My colleagues in other departments — sociology, psychology, government, history, maybe philosophy — are all trying their hardest to determine just where we are, and where we should step next.  The help they offer varies with their training, which determines what they see when they look at the square.  What do I see?  I see a lot of people crowded together talking as persuasively as they can to change attitudes.  I'm in English, where we're trained to examine talk.

So, what needs attention?  Too much for here, but we can attend to one problem: the use of the word "deficient."  It's clearly the accurate word for the black's original condition with respect to these good and power-giving and life-enriching things whites have access to in their education but have denied blacks access to. But going forward it's a word nobody can use easily and confidently.  Recent black slaves can use it but it's difficult for them, being uneducated, to know what they are deficient in. Recent white enslavers know what that is, and can identify deficiency more easily, but the word is too close to "inferior" for them to be able, without discredit, to use it.  "Inferior" was used too often by whites in power contests (lawmaking, for one), making sure that blacks would lose.

 "Inferior," though discredited when it is used categorically ("My culture is superior to yours"), gains credit as soon as it is used conditionally ("My culture is superior to yours at preparing young people for hardship in a whaleboat").  Adoption of an end obliges us to discriminate among means, and where cultures are means — raising chances of landing a whale, or a spot at Harvard, or a job — to discriminate among them.  (I go through this in greater detail in Post 77.)  

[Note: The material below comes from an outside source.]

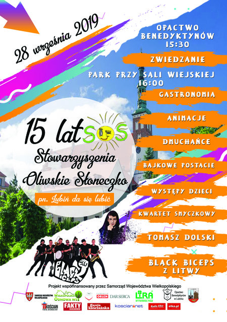 W najbliższą sobotę, 28 września Stowarzyszenie Oliwskie Słoneczko zaprasza na wspólne świętowanie jubileuszu. W parku przy świetlicy wiejskiej obędzie się jubileuszowy rodzinny piknik „Lubiń dla się lubić”. Na godz. 15.30 zaplanowano zwiedzania Opactwa Benedyktynów. Piknik rozpocznie się o godz. 16. Będzie można skorzystać z dmuchańców i stoisk gastronomicznych. Na dzieci czekać będą animacje. Na scenie pojawią się: litewski zespół Black Biceps, Tomasz Dolski, kwartet smyczkowy, wokaliści zespołu Słoneczna Gala Biesiadna i zespół taneczny Alemana. Pojawią się także bajkowe postacie.
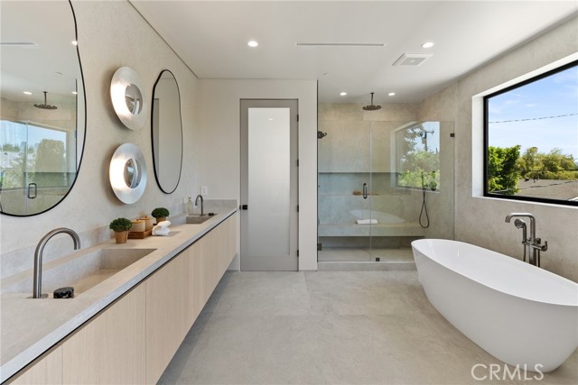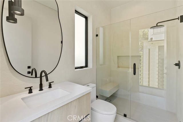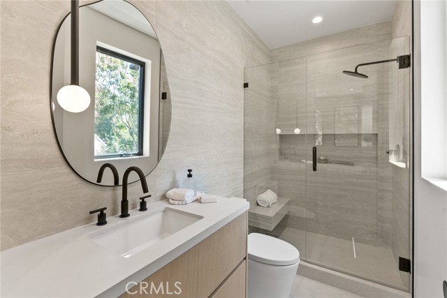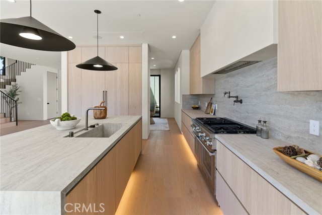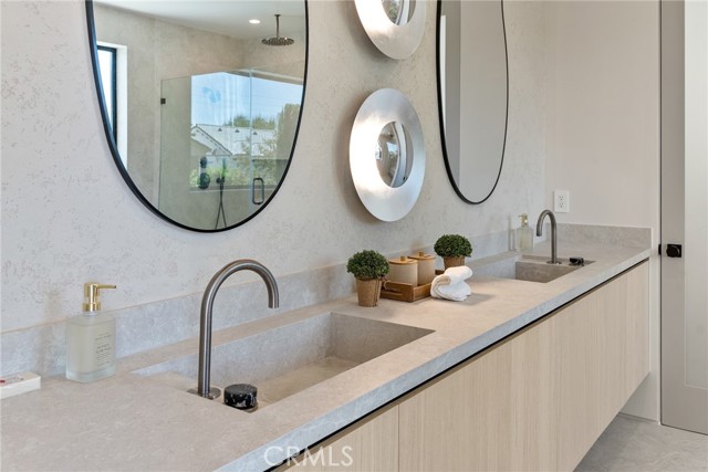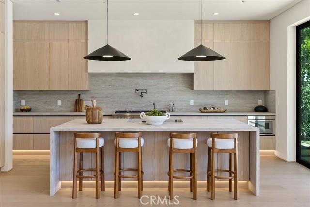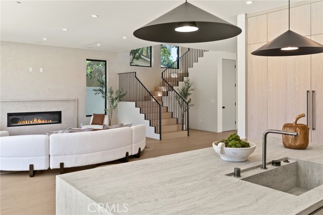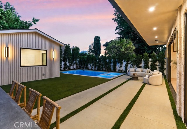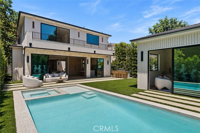 Be the first to live at this exceptional newly built 2025 gated estate, situated on a serene street lined with luxury homes, just moments from Ventura Boulevard, this stunning residence sets a new standard for luxury living. Designed with both comfort and elegance in mind, the main house features 5 beds & 5.5 bathrooms, including a detached guest house. The open-concept floor plan is ideal for modern living, featuring wide-plank golden oak flooring, warm Venetian plaster walls, & expansive floor-to-ceiling windows flood the space with natural light. A dramatic family room with a sleek custom fireplace, & oversized pocket sliding doors that open to the backyard oasis. The designer chef’s kitchen is a true centerpiece, featuring custom cabinetry, high-end appliances, porcelain countertops, and a statement island with integrated stone sink & premium fixtures, blending functionality with artistry.The formal dining room is elevated by a statement wall & a designed wall wine holder adds a bold touch of sophistication and convenience for entertainers. The first-floor ensuite is perfectly positioned for use as a home office, wellness or guest room. A dramatic powder room with a floating stone sink adds a bold design element. Upstairs, soaring ceilings frame three generously sized ensuite bedrooms, shared front balcony and all with access to an oversized patio. The primary suite is a luxurious retreat, with a stunning fireplace, a designer wall finished in custom textured Venetian plaster infused with relaxing Tulum-inspired vibes, custom built-ins, a walk-in closet, and a private balcony. The spa-like bathroom boasts a soaking tub, dual rainfall showers & vanities. Step outside to a resort-style backyard with lush landscaping, a sparkling pool & spa, outdoor kitchen with b.b.q, a detached enclosed cabana equipped with a full bathroom & a kitchenette designed for guests, an office/pool house and effortless entertaining & relaxation. The Crestron smart home is equipped with built-in speakers, security cameras, and ambient LED lighting throughout. Crafted by one of Sherman Oaks’ most acclaimed builders, renowned for their visionary architecture, superior craftsmanship, and sophisticated blend of high-end materials. Located in a highly sought-after Sherman Oaks neighborhood, easy access to the area's best shops, dining, Kester magnet school and the 101 & 405 freeways. Own this rare opportunity, a one-of-a-kind estate that perfectly embodies both luxury & lifestyle.

The end here is more black young people in Harvard and other colleges.  Whatever it is that gets other young people there, whatever those other cultures have that improves their chances,  would-be helpful whites want to say that black culture is deficient in it.  That's the first step toward any sufficiency, an accurate statement of the deficiency.  

It's all very Socratic and scientific and the best way to solve the problem of Black education, but oh how hard it is to make that initial statement in the talk arena.  We're still too close to categorical "inferior" and all the feelings it provokes.


Better, most educated whites seem to agree, to play it safe.  They might try softeners ("challenged," "lacking in," "insufficient"), hoping they won't be seen through, but they never use the words "deficient" or "inferior" with respect to blacks.  And that's too bad because we're clearly on a square where black attitudes toward education need to be talked about accurately.  Along with all that contributes to those attitudes, in family or culture.  Any person who tries to do that now, though, apparently can't or won't use his most accurate words, not freely.  Let's hope we'll soon get to a square where he can.